INVESTIGADORES
TARAVINI Irene Rita Eloisa
congresos y reuniones científicas
Título:
Immunodetection of pleiotrophin in striatal interneurons and nigral dopaminergic neurons
Autor/es:
TARAVINI IR; FERRARIO JE; DELBE J; COURTY J; MURER MG; GERSHANIK OS; RAISMAN-VOZARI R
Lugar:
Innsbruck, Austria
Reunión:
Congreso; 20th Biennal Meeting of the International Society for Neurochemistry and the European Society for Neurochemistry; 2005
Institución organizadora:
International Society for Neurochemistry and the European Society for Neurochemistry
Resumen:
Parkinson’s disease is characterized by a selective damage of the dopaminergic nigrostriatal pathway. Surviving neurons undergo both spontaneous and levodopa induced plastic changes. We have recently reported an increased expression of Pleiotrophin (PTN) in the striatum of rats with a unilateral 6-OHDA lesion of the nigrostriatal tract chronically treated with levodopa. Interestingly, recent reports have shown that PTN stimulates the differentiation of dopaminergic mesencephalic neurons in vitro. The aim of this study was to identify the cellular types that contain PTN in the striatum and substantia nigra (SN) and to detect the presence of the PTN receptor N-syndecan in the SN. Using double-immunofluorescence we found PTN to colocalize with NeuN but not with GFAP in the striatum. Immunolabeling of PTN with specific markers for interneuronal subpopulations at this level ruled out calretinin (+) and parvalbumin (+) GABAergic neurons. Conversily around 40% of PTN immunolabeled neurons corresponded to GABAergic interneurons that contain nitric oxide synthase (NOS) and somatostatin (SST), while around 60% of them were cholinergic interneurons.
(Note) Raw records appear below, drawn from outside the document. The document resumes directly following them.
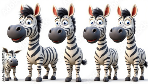 © Atchariya63, Obraz premium Cute zebra cartoon smiling zebra baby zebra safari animal black and white stripes big eyes playful herd funny character happy mood
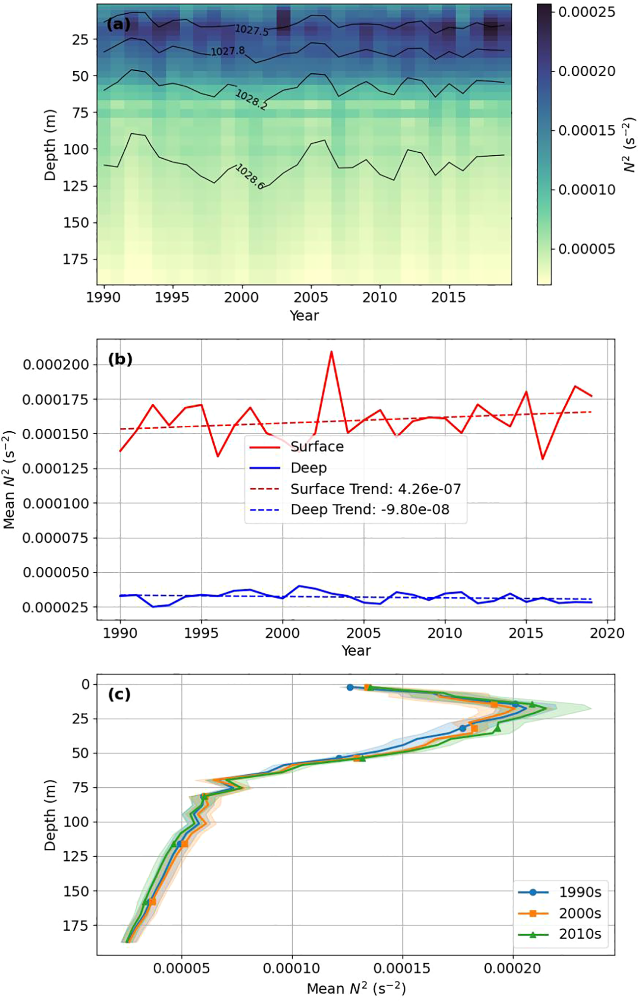 The combined effects of wind-driven mixing, surface heating, and salinity changes are reflected in the stratification of the water column, here quantified (Equation 2) by the Brunt–Väisälä frequency (N2), defined as
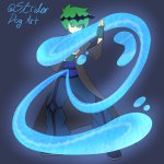Day 12 of #Newvember brings the second of Skylo's transformations! The Water Asterisk! Fluid movement in combat along with elemental help from the moisture around him, Skylo is never without a weapon in this form! #Digitalart #artistsontwitter #OcTwitterTakeover2022 #oc

We also studied the distribution of the N-syndecan in the SN and found it to colocalize with TH. Our results indicate that PTN is selectively localized in cholinergic interneurons and GABAergic interneurons that express SST/NOS in the striatum. At the SN both PTN and N-syndecan are present in a small number of dopaminergic neurons. In conjunction, these results suggest that PTN would possibly mediate some of the compensatory mechanisms that surviving dopaminergic nigrostriatal neurons undergo in the parkinsonian brain.